In an emailed statement, district spokeswoman Stephanie Hartley wrote: “Although we have not received official notification of a lawsuit, we have been informed that Ms. Canty-Aaron has filed a complaint in federal court. We have no comment on the matter at this time.”
Canty-Aaron contends that she was demoted and shuffled out of her position after Smith took over as interim superintendent.
After she was hired, Canty-Aaron said she brought the issue of potential discrimination in contracting to Dallemand’s attention. When she did, Dallemand empowered her to make changes in the process, according to the suit, but warned her that “such actions could put her job in jeopardy.”
The suit states that the problems Canty-Aaron experienced began to arise once Dallemand left the school system. The suit alleges that Susanne Griffin-Zeibart, an acting superintendent at one point, told Canty-Aaron that she “should be looking for another job because she is black just like Dallemand, and Dallemand is no longer there to protect” her, and that Canty-Aaron “would be a fool not to be looking for other employment.”
The suit also claims that Smith put Canty-Aaron’s changes in selecting new contractors and expenditures “on hold” following his appointment, limiting the changes and her ability to deal with new contracts.

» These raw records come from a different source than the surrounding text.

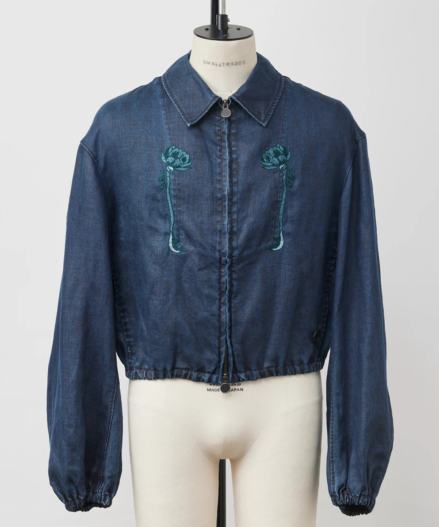 デザイン 割烹着の袖をイメージして袖にボリュームを持たせたフロントジップジャケット。 袖口に一本ゴムを入れているので、溜まりを作ってお楽しみいただけます。 前身頃には今期を象徴するカーネーションと月を、後身頃にはデザイナーが描いた部屋の情景のワンシーンを刺繍しています。 素材はフランスのインディゴアンティークリネンをイメージし、インディゴで染め、チンツ加工を施すことで表面に光沢と滑らかさを持たせたリネン。 ・素材:LINEN 100% ・透け感:なし ・裏地:なし ・伸縮性:なし メーカー品番:2601SK18E -SHINYAKOZUKA- 「全ての物事は明瞭である必要は無い」という思いから“BLUR”, ”VAGUE”, ”UNCLEAR”, ”HIDDEN”をメインキーワードに、新たな価値観をファッションに追い求めている。 美しいカッティング、装飾の少ないシンプルなデザインが人気。 ※店舗と在庫を共有しておりますので、受注確認メールが届いてもご注文のタイミングによりましては売り切れになる可能性がございますので、予めご了承ください。 ※商品の色味につきまして、撮影環境、お客様のお使いのPCのモニター環境により実際のカラーと画像の色味が違って見える場合が御座います。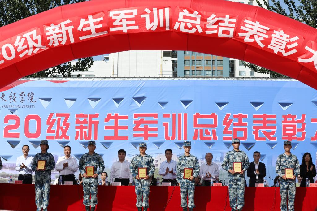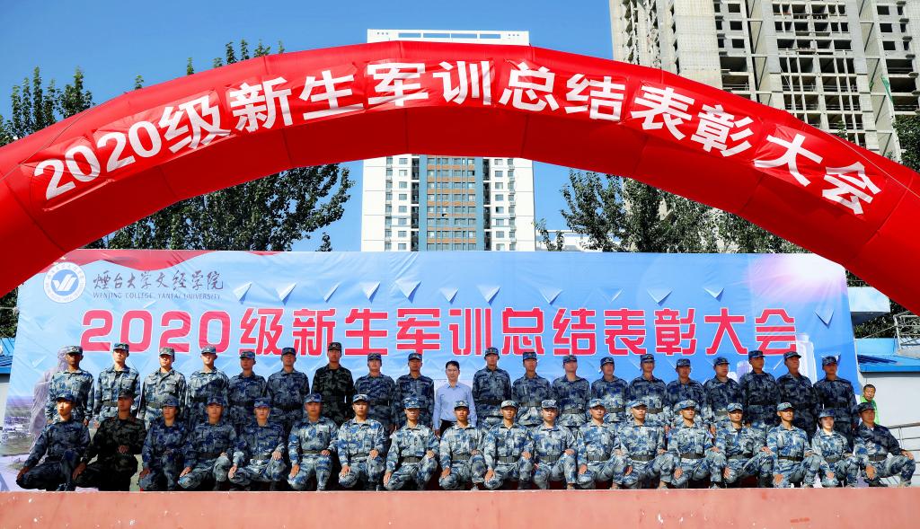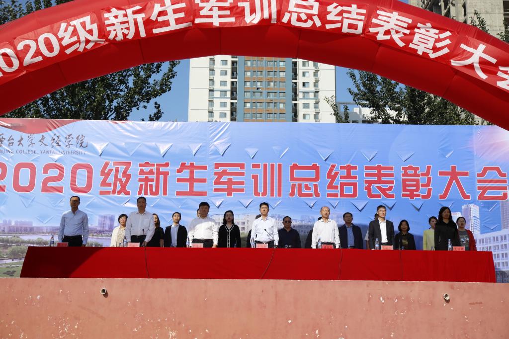 9月30日上午,烟台大学文经学院军训总结表彰大会在操场举行。烟台大学文经学院院长于光辉,党委书记唐家弘,副院长辛连军、王宪杰,院长助理莫红菊、张中华出席大会。学院各系党总支书记、学生工作负责人、2020级新生辅导员、班主任老师参加大会。大会由院长助理尤敬法主持。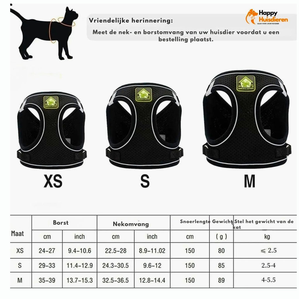 - Ademend en Comfortabel: Dit harnas vormt zich naar het lichaam van je kat, terwijl het ademend materiaal zorgt voor comfort tijdens elk avontuur.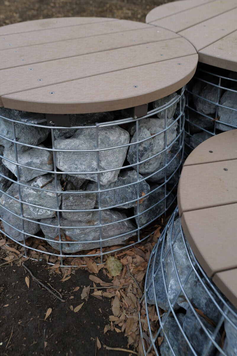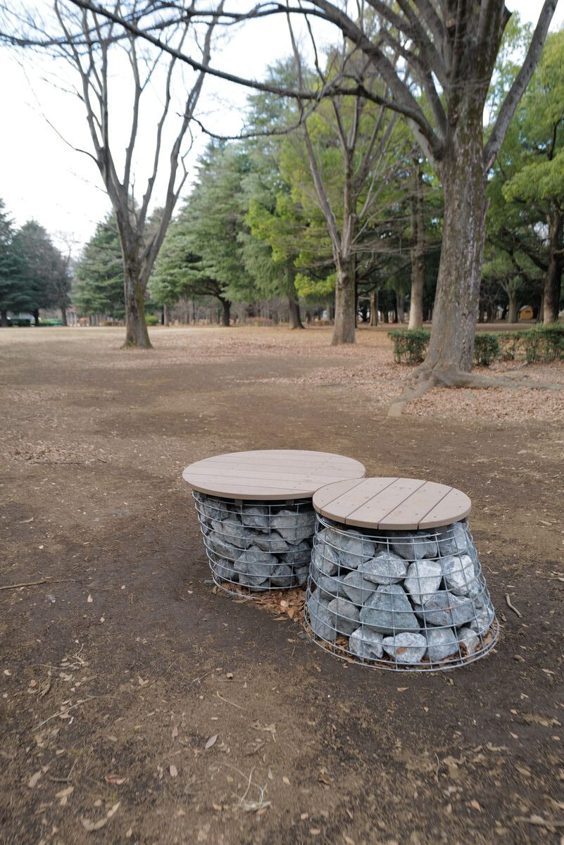 これらのベンチは、ワイヤーメッシュの籠に自然石を充填したガビオン構造を脚部に採用し、その上に再生木材『セコロウッド』製の円形座板を組み合わせた独創的なデザインです。
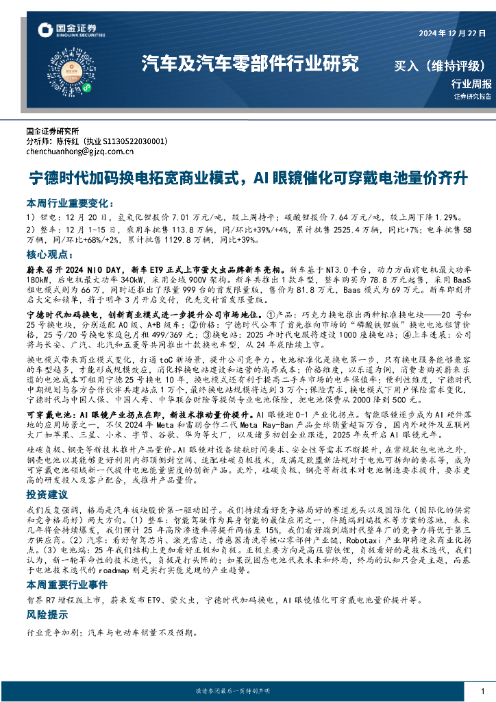 国金证券:汽车及汽车零部件行业周报:宁德时代加码换电拓宽商业模式,AI眼镜催化可穿戴电池量价齐升.pdf

In July 2013, the suit alleges, Canty-Aaron noticed that vendor lists were once again made up solely of all white vendors. She brought the matter to Smith’s attention and was subsequently excluded from meetings she previously had a prominent role in.
In August 2013, Jason Daniel, “a 39-year-old white male,” was brought in “to work with” Canty-Aaron, according to the suit. Soon afterward, Daniel was named executive director of capital programs, and though she was told her duties would not change, they did. Daniel’s position took over her previous duties, and she was told she would have to apply for a new position of safety environmental manager that had been created for her. She was also forced to move her office to a warehouse, and her pay was cut by more than 50 percent, according to the suit.
In May, she filed an Equal Employment Opportunity Commission complaint “after enduring this demeaning and discriminatory treatment for approximately two years.”
After the complaint, she was given a bad performance review, her first, which she refused to sign, the suit states. She is still employed as safety environmental manager with the district.